Symbol wrote on 2010-12-22 12:00:

Wow, and I thought 1.4.1 would come out after the january sprint!

A christmas present :->

What would be the focus of the january sprint then?

Armin Rigo wrote on 2010-12-22 12:09:

There are still a number of branches that have not been merged into trunk yet: at least fast-forward (Python 2.7), jit-unroll-loops (better JITting of arithmetic and short loops), arm-backend (JIT support on ARM) and jitypes2 (turn ctypes calls into real assembler-level calls with the JIT). There is also the stackless+JIT integration pending. Finally the sprint will also be a place to try out and run some applications. So it's not like we are out of work :-)

Unknown wrote on 2010-12-22 13:10:

I'm interested in the performance improvement in hashlib.sha. I haven't seen that one before on . Could you give me more details?



Armin Rigo wrote on 2010-12-22 13:59:

Actually, hashlib.sha was not the same as sha.sha: the former used to be a ctypes call to the OpenSSL lib, whereas the latter uses our built-in sha implementation. So hashlib.sha was faster in theory, but killed by the overhead of using ctypes. Now, at least in a default version of pypy, the hashlib.md5 and .sha are redirected to the built-in md5.md5 and sha.sha.
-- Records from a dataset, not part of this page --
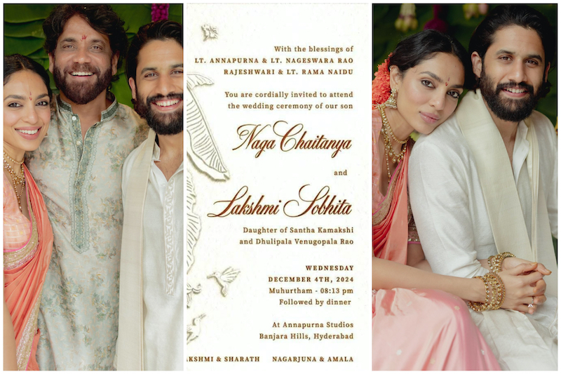 खूबसूरत कलाकार 4 दिसंबर को एक-दूजे का हाथ थामेंगे और सात फेरे लेंगे। वायरल ऑफ व्हाइट कलर के कार्ड में शादी की तारीख स्पष्ट देखी जासकती है, जो कि रेड कलर से प्रिंट है। बता दें कि तेलुगू एक्टर नागा चैतन्य और शोभिता धुलिपाला ने हाल ही में सगाई की थी। दोनों ने हैदराबाद मेंअपने करीबी दोस्तों और रिश्तेदारों की मौजूदगी में एक-दूसरे को अंगूठियां पहनाईं।
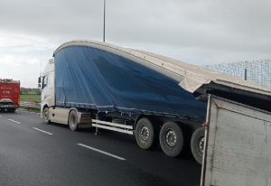 Modica: forte vento fà volare il furgonato di un autocarro e blocca la circolazione
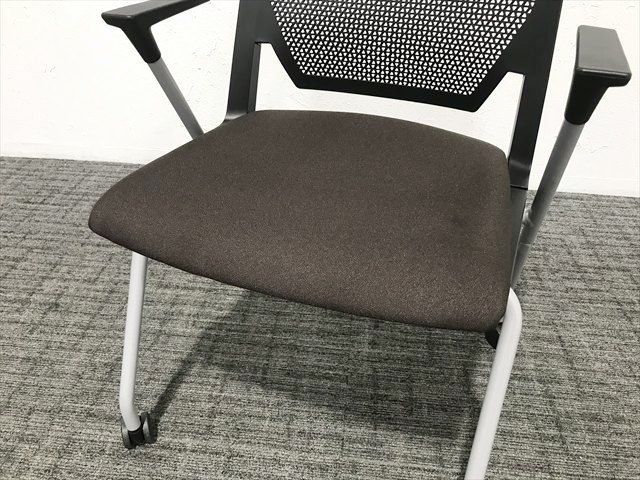スタッキングチェア 肘付 セミナーチェア キャスター付 HAWORTH ヘイワース ブラック ブラウン
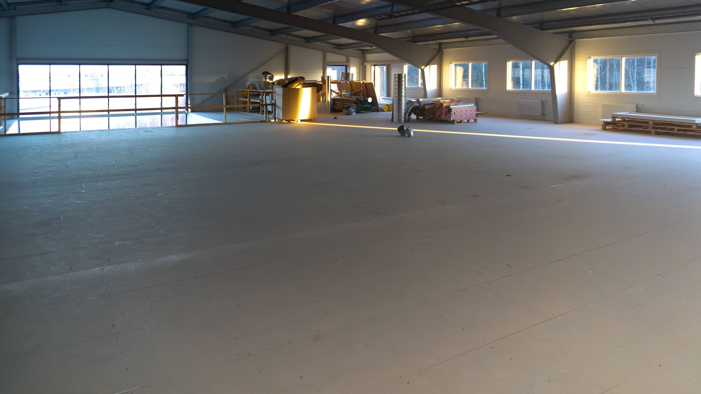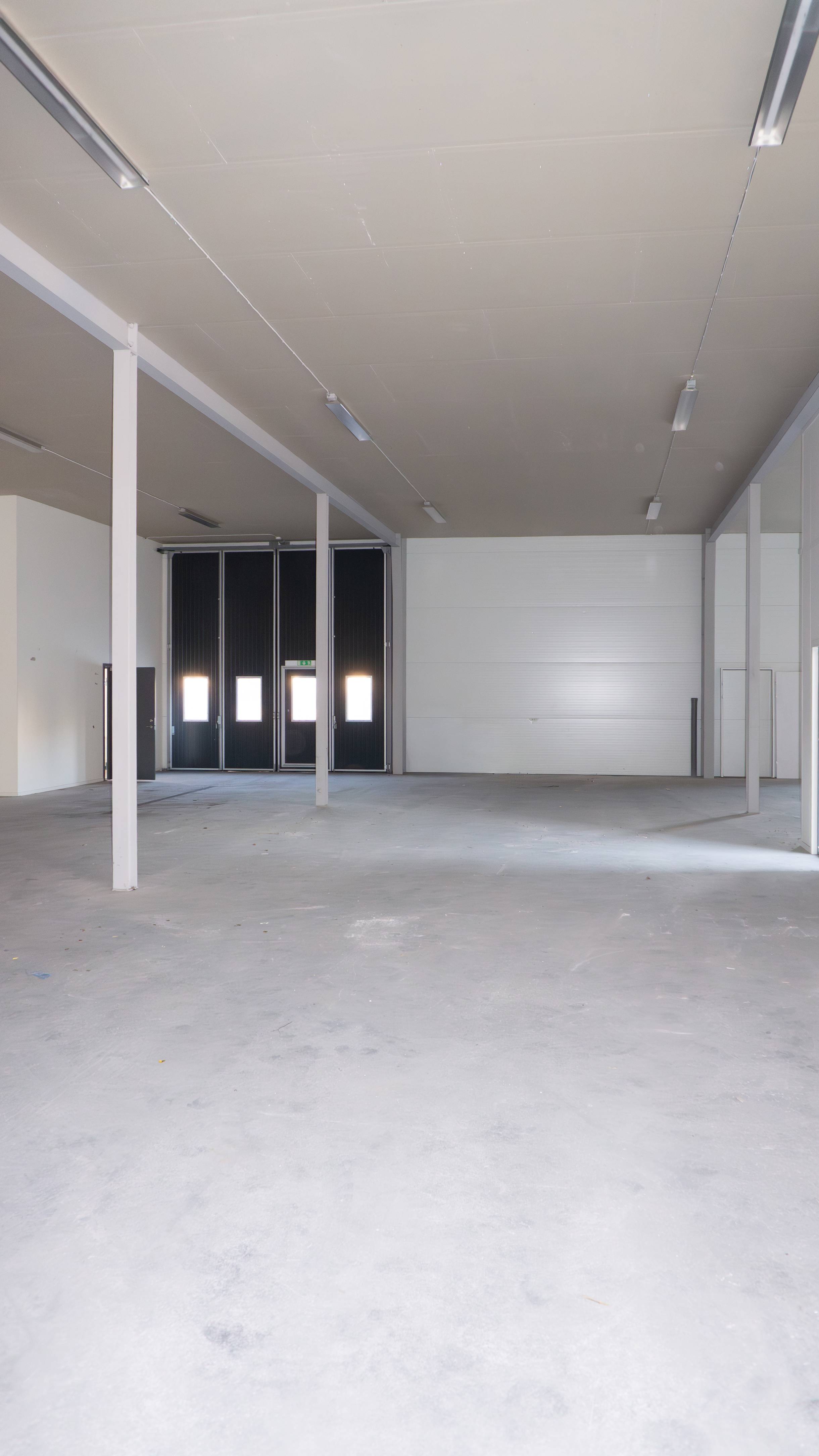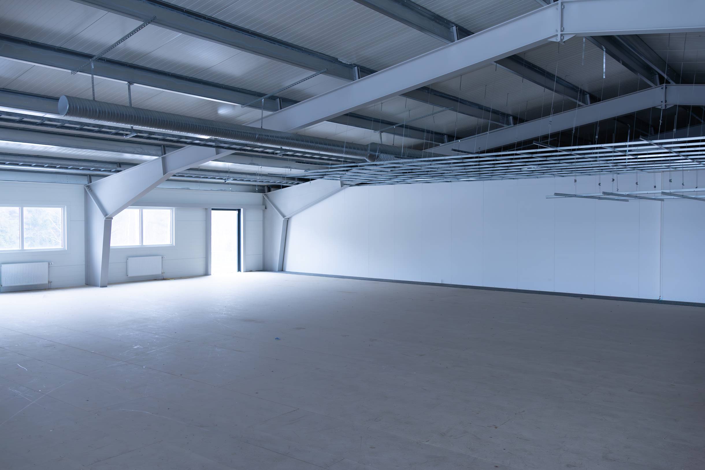 Cirka 5 meter i takhöjd och öppen planyta med stålbjälkar.
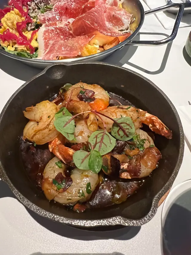 Happy Friday 的聚會好地方,但是位置真的是十分隱蔽,要從小巷或者小巴站那邊穿過大廈在上電梯。食物的質素不錯,但略嫌細份,性價比不是太高。虎蝦90多元只有5隻。巴馬火腿蛋沙律有驚喜,混合起來味道特別。慢煮八爪魚腳也是, size比較細,味道不俗,四個人分每人只吃了2cm,盛惠130多元。銀魚柳多士, 十分香口,也是只是份量比較少。西班牙海鮮飯,些少生米,正正常常。烤乳豬和炸羽衣甘藍,烤乳豬的外皮香脆,但是皮下脂肪太多,肉很少,又是衰在份量太少。燒春雞非常細隻,每人只分到¼,只靠西班牙青椒仔和其他配菜和醬汁拿分數。…Read More
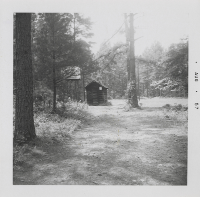 A photographic print of a small cabin, perhaps an outhouse, and a water tower in a field surrounded by trees. "Aug 57" typed on front.
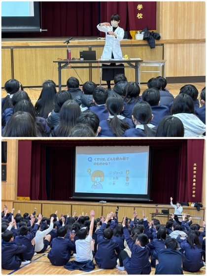 また、薬をジュースと一緒に飲むことの危険性が視覚的に分かる実験もあり、子どもたちは興味津々でした。
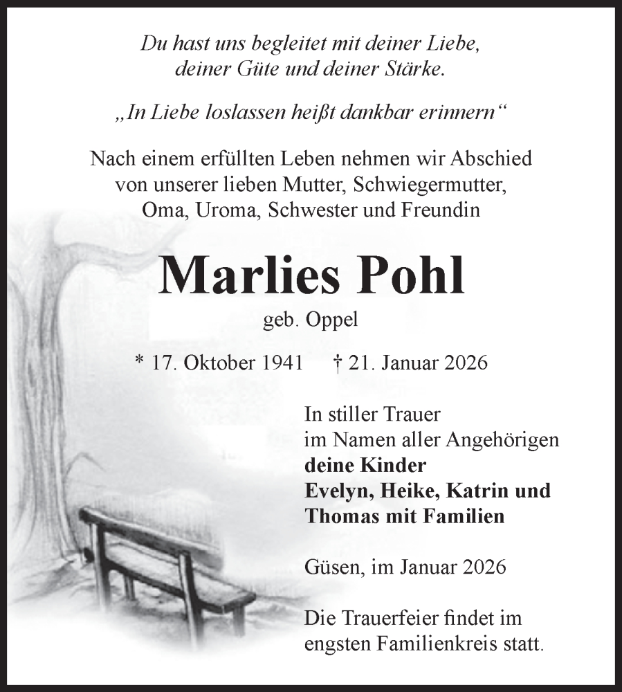 Hier finden Sie alle Traueranzeigen aus der Zeitung, die bisher für Marlies Pohl erschienen sind. Weitere Traueranzeigen, die in der Zeitung erscheinen, werden hier ebenfalls aufgelistet
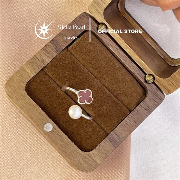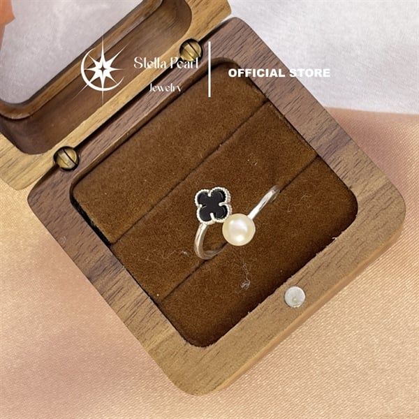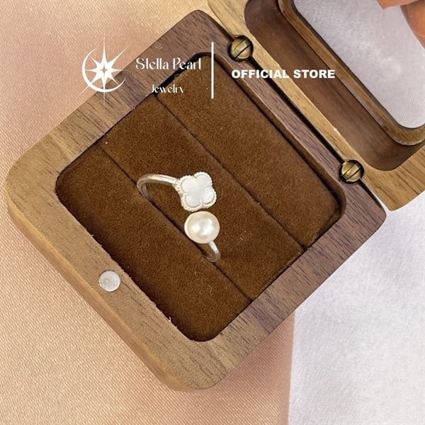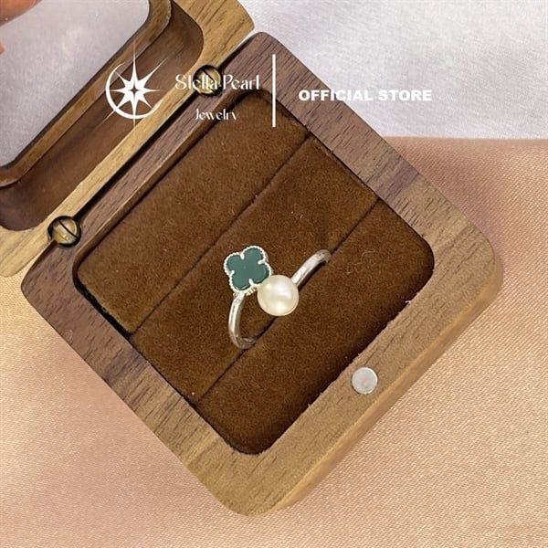Nhẫn bạc ngọc trai bạc S925 mặt cỏ 4 lá phối ngọc trai 6mm - Stella Pearl R56308

Another issue was that with the built-in md5.md5 and sha.sha, on 64-bit, there was a 1.5x speed impact due to the C compiler not recognizing an expression that was meant to be a 32-bit integer rotation.

I guess that don't show this because they use directly md5.md5 or sha.sha, and are on 32-bit.

Martijn Faassen wrote on 2010-12-22 14:14:

Thanks for PyPy 1.4.1. I reported two issues concerning buildout with PyPy 1.4, and they all got fixed!

So PyPy 1.4.1 is now compatible with buildout, which is really convenient as it makes it easy for me to test other projects.

shadinger wrote on 2010-12-28 16:00:

I compiled 1.4.1 on Win32 using Visual C++ 2010.

Do you want to add it to the download page?

To whom shall I send it?

Happy new year.

Andrei wrote on 2011-01-28 20:08:


sorry, I'm a bit new here - is it possible that PyPy makes Python run in a browser? Somehow "translating" all the Python into Javascript?

I'm wondering because I saw you run, for example, CLI, so perhaps PyPy may somehow enable Python in a browser?

Armin Rigo wrote on 2011-01-29 10:23:

Andrei: not directly. We played at some point with translating RPython code to Javascript, but it didn't give enough benefits (because it's not full Python that we can translate, just "RPython"). The alternative would be to translate the whole PyPy interpreter to Javascript, but that would give a result that is both huge (in term of download size) and horribly slow (100x slower than Javascript maybe).

PyPy migrates to Mercurial

The assiduous readers of this blog surely remember that during the last Düsseldorf sprint in October, we started the process for migrating our main development repository from Subversion to Mercurial. Today, after more than two months, the process has finally been completed :-).

The new official PyPy repository is hosted on BitBucket.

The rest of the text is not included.